Information →
/---

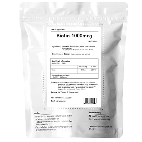 Sản phẩm UKHealthHouse High Strength Biotin 1000mcg - 240 Tablets, Hair Growth Supplement, Support Normal Nails and Skin, Gluten Free & Vegan đang được bán với giá ưu đãi là $9.4612 tại nước Anh.
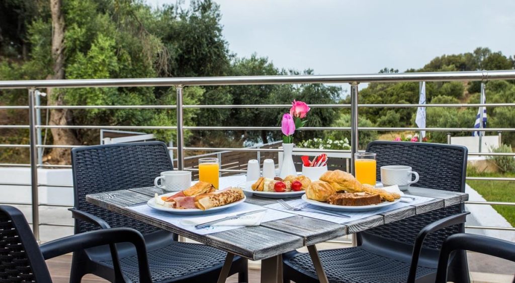Ένα πλούσιο και θρεπτικό πρωινό, από αγνά τοπικά προϊόντα, σερβιρισμένο σε μπουφέ, σας περιμένει κάθε πρωί για να σας βοηθήσει να ξεκινήσετε υγιεινά, γευστικά και δυναμικά την ημέρα σας. Από το ξεκίνημα της μέρας μέχρι και αργά το βράδυ, στο εστιατόριο ή στο μπαρ, θα απολαύσετε μοναδικές γεύσεις αγναντεύοντας την υπέροχη θέα από τα νερά του Ιονίου.
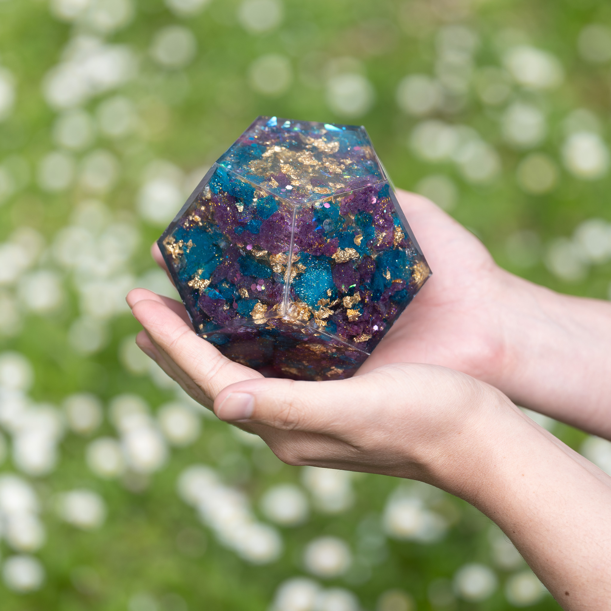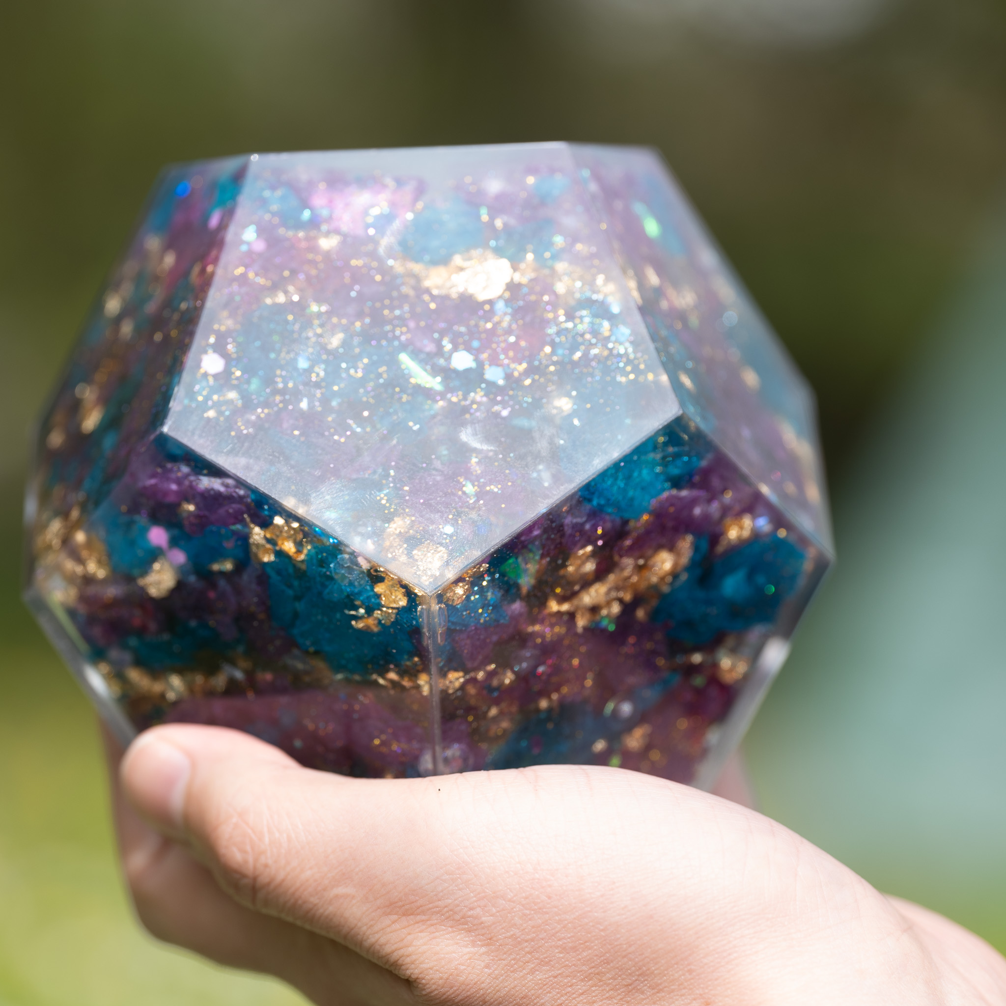 The dodecahedron connects you with your divine power, your inner master, and your creative source. It has a unifying, warm, heartfelt, and healing effect, supporting your connection to the creative force, the sacred fifth chamber of the heart, and the energy of the Christ grid. It guides you to your center and helps you embrace the power of the present moment, fostering gratitude, compassion, and a sense of unity with all that is.
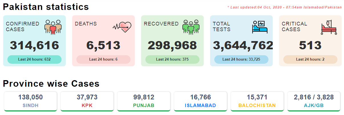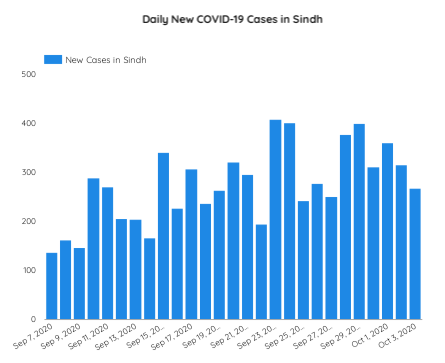 In the meantime, three more patients died of COVID-19 on October 3, taking the total of relevant fatalities to 2,520 for Sindh and 6,513 for Pakistan.
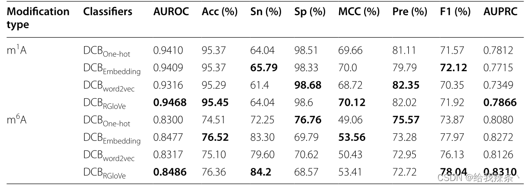 表3:基于One-hot编码、RNA词嵌入、Word2vec和RGloVe的DCB模型评价结果
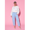 Spodnie o luźnym, lekko zwężanym ku dołowi kroju, wykonane z miękkiego i przyjemnego w dotyku materiału, który zapewnia komfort noszenia przez cały dzień. Spodnie utrzymane są w delikatnym odcieniu denimu, który nadaje im lekko casualowy charakter i sprawia, że łatwo dopasować je do wielu stylizacji. Model z wysokim stanem i elastyczną talią subtelnie dopasowuje się do sylwetki, podkreślając talię i gwarantując swobodę ruchów. Spodnie posiadają praktyczne kieszenie po bokach oraz nogawki o długości do kostek.
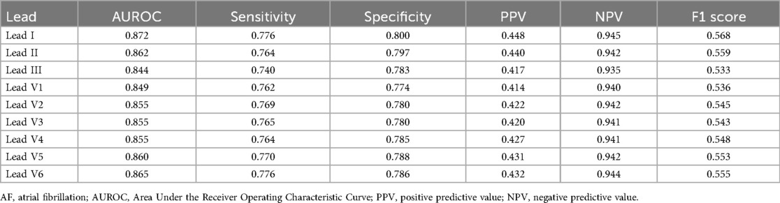 Hygrell et al. demonstrated that a single-lead ECG algorithm, created using a handheld device that measures lead I, can serve as an effective screening tool for predicting AF, especially in population with a wider age distribution (14). Dupulthys et al. developed an AI model incorporating six clinical risk factors alongside a 10-s single-lead ECG, specifically using lead I (15). This single-lead ECG AI algorithm demonstrated performance comparable to that of a 12-lead ECG-based AI model in identifying subclinical AF. Single-lead, handheld intermittent ECG monitoring devices that use lead I are currently widely used. Our research suggested that predicting AF using single lead ECG monitoring based on lead I is feasible.
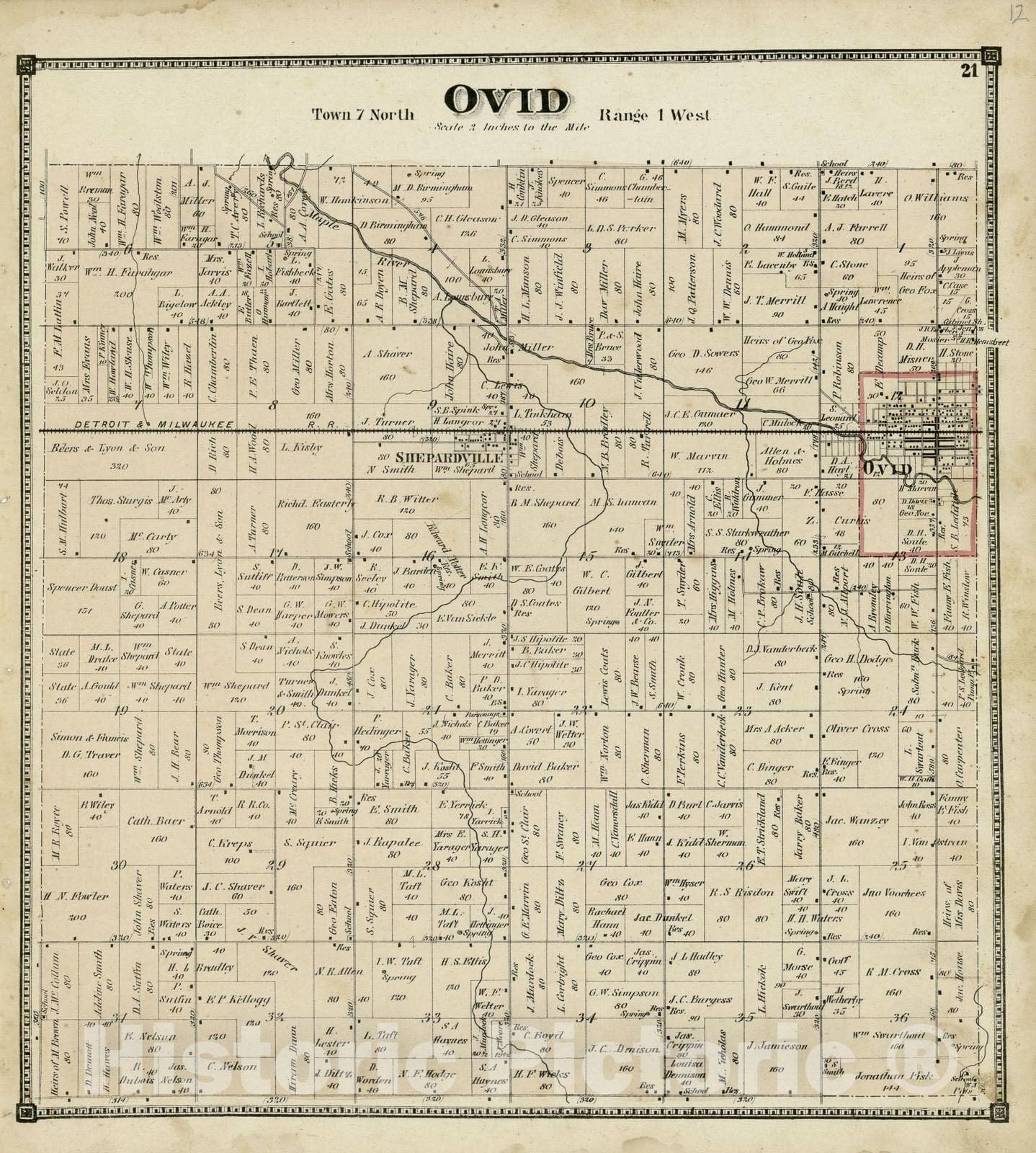 • Historic 1873 Map - Atlas of Clinton County, Michigan - 21: Ovid
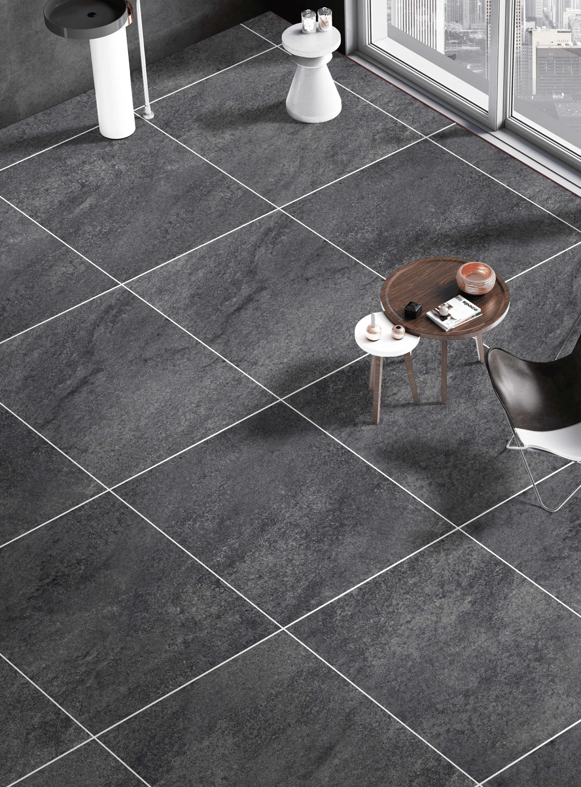 The deep black color and natural texture create a modern and harmonious interior. The tile easily combines with wood, metal, glass, and concrete, allowing you to create stylish and cozy spaces.
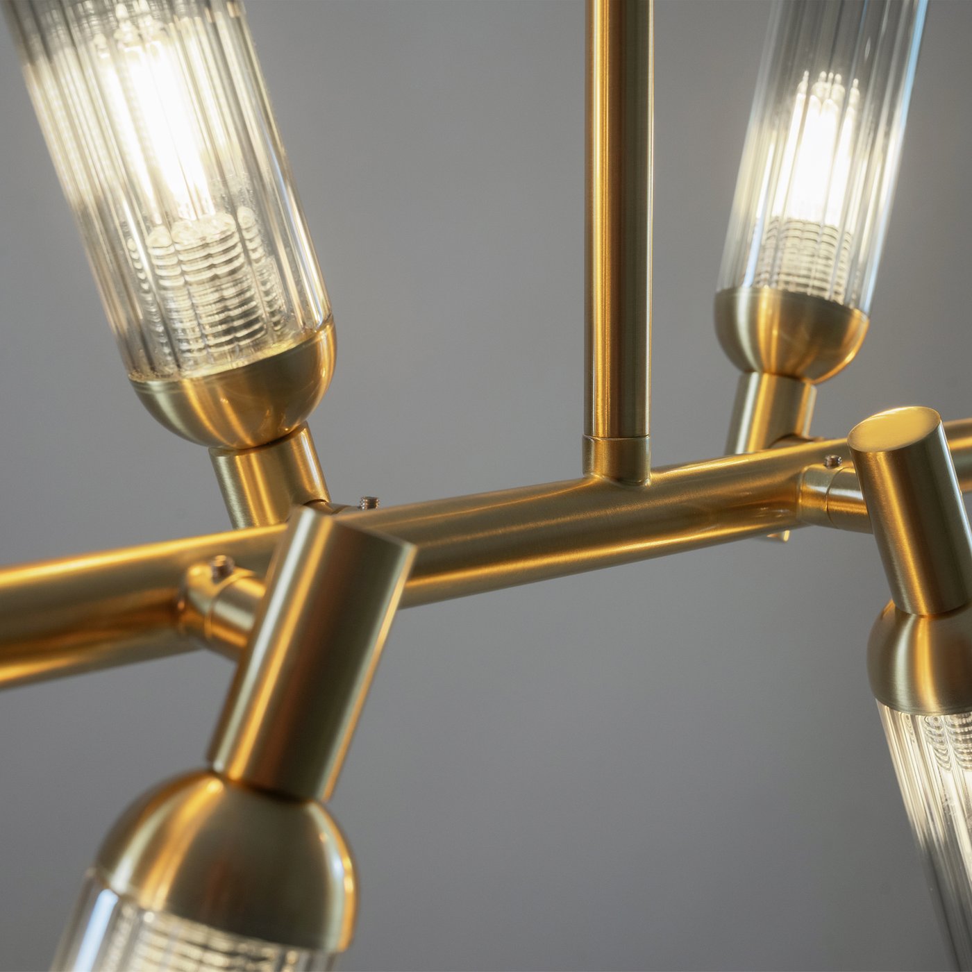 подвесной светильник с пересекающимися цилиндрами и золотой отделкой

\---

To do →
Omit the pictures, then repeat exactly each line from the beginning of the listing through the line with "Ένα πλούσιο και".

Response →
 Sản phẩm UKHealthHouse High Strength Biotin 1000mcg - 240 Tablets, Hair Growth Supplement, Support Normal Nails and Skin, Gluten Free & Vegan đang được bán với giá ưu đãi là $9.4612 tại nước Anh.
Ένα πλούσιο και θρεπτικό πρωινό, από αγνά τοπικά προϊόντα, σερβιρισμένο σε μπουφέ, σας περιμένει κάθε πρωί για να σας βοηθήσει να ξεκινήσετε υγιεινά, γευστικά και δυναμικά την ημέρα σας. Από το ξεκίνημα της μέρας μέχρι και αργά το βράδυ, στο εστιατόριο ή στο μπαρ, θα απολαύσετε μοναδικές γεύσεις αγναντεύοντας την υπέροχη θέα από τα νερά του Ιονίου.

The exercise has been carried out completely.